Para uma visão global do que a expressão miRNA diferenciais encontrados em nossos tumores podem representar, usamos miR System, que combina 7 algoritmos e 2 bancos de dados validados para identificar genes alvos potenciais de miRNAs e sua função, bem como análise de caminho usando KEGG (Enciclopédia Kyoto de genes e genomas) [37]. Os genes alvo de miR-181b incluem

MAP3K3

(ativada por mitógeno proteína quinase 3, hit top),

ESR1

(receptor de estrógeno 1, um alvo validado), e

KRAS

, enquanto aqueles para miR-518b incluem

CTNNBIP1

(proteína interagindo β-catenina) e

MAP3K7IP3

(ativada por mitógeno proteína quinase 7 interagindo proteína 3). Para a análise via dos genes alvo enriquecido, a expressão diferencial dos miARNs listados acima foram associadas a potenciação a longo prazo, as vias em cancro, e cancro do endométrio, bem como as seguintes vias de sinalização: TGF-β, ErbB, MAPK, e Wnt . A via de sinalização /β-catenina Wnt tem sido mostrado para ser desreguladas em 10-45% dos cancros do endométrio e é intimamente regulados por estrogénio e progesterona [38]. Além disso, KRAS é um importante mediador a montante da via de MAPK, e a sobre-expressão pode levar a um aumento da activação do /MEK RAF /MAPK e, assim, promover a tumorigénese. Os trabalhos anteriores mostraram que a via MAPK é ativado no cancro da mama triplo negativo com o

KRAS

-variant, e está associada com menor estrogênio sinalização [24]. Esses resultados e outros indicam que o papel do

KRAS

-variant no risco de câncer e biologia pode ser dependente ambiente hormonal, como o status da menopausa, um tema em curso de estudo.
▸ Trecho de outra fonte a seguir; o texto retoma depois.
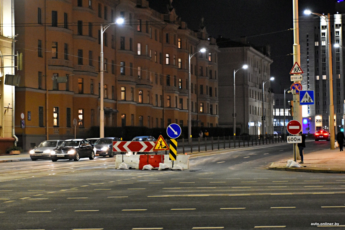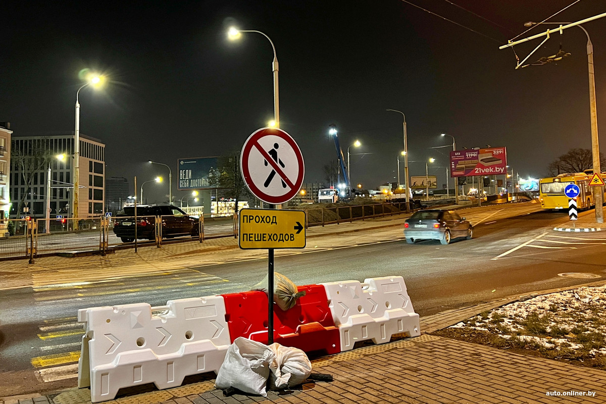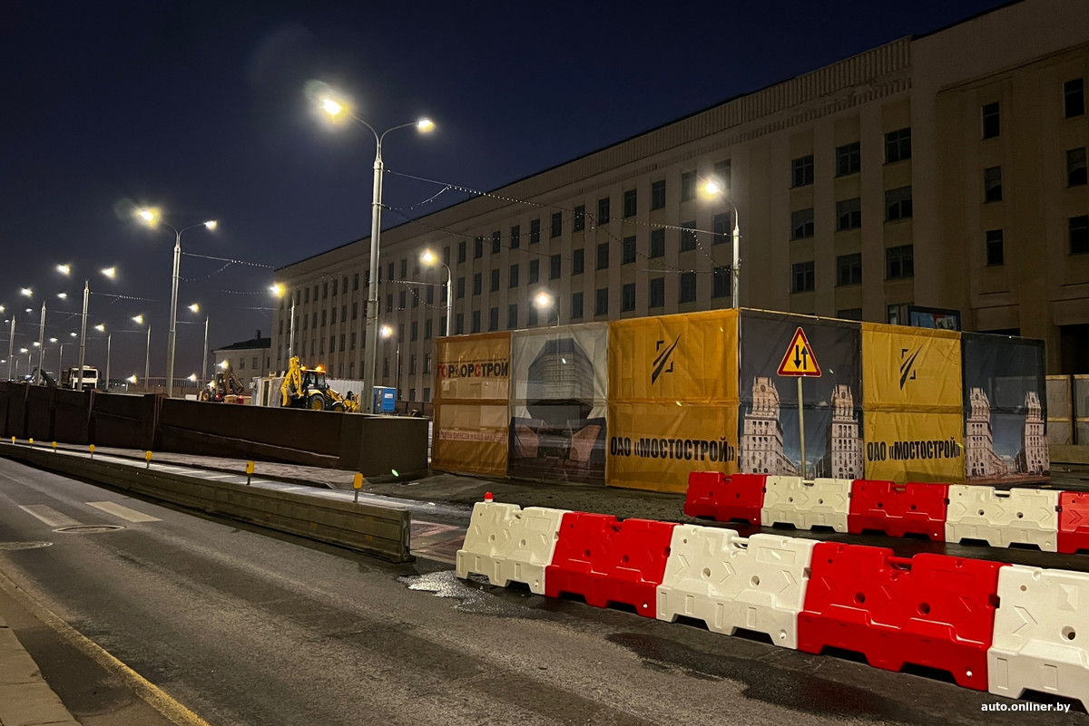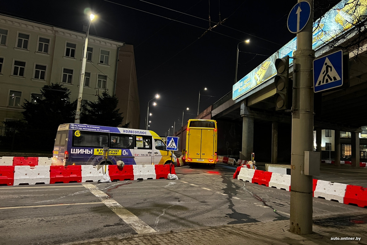 Для всех транспортных средств закрыт сам путепровод и короткий отрезок ул. Бобруйской прямо под ним — работы на объекте уже ведутся. Объезд для маршрутных транспортных средств организован через площадь Независимости — напротив главного корпуса БГУ построена временная круговая развязка.

Também realizamos análise de caminho para os 10 miARNs expressos diferencialmente para tumores com e sem invasão linfática. De interesse, previu vias envolvidas na adesão focal, a regulação da junção citoesqueleto de actina, junção lacuna e aderente foram top hits por KEGG, bem como a Wnt, MAPK, TGF-β, e ErbB vias de sinalização.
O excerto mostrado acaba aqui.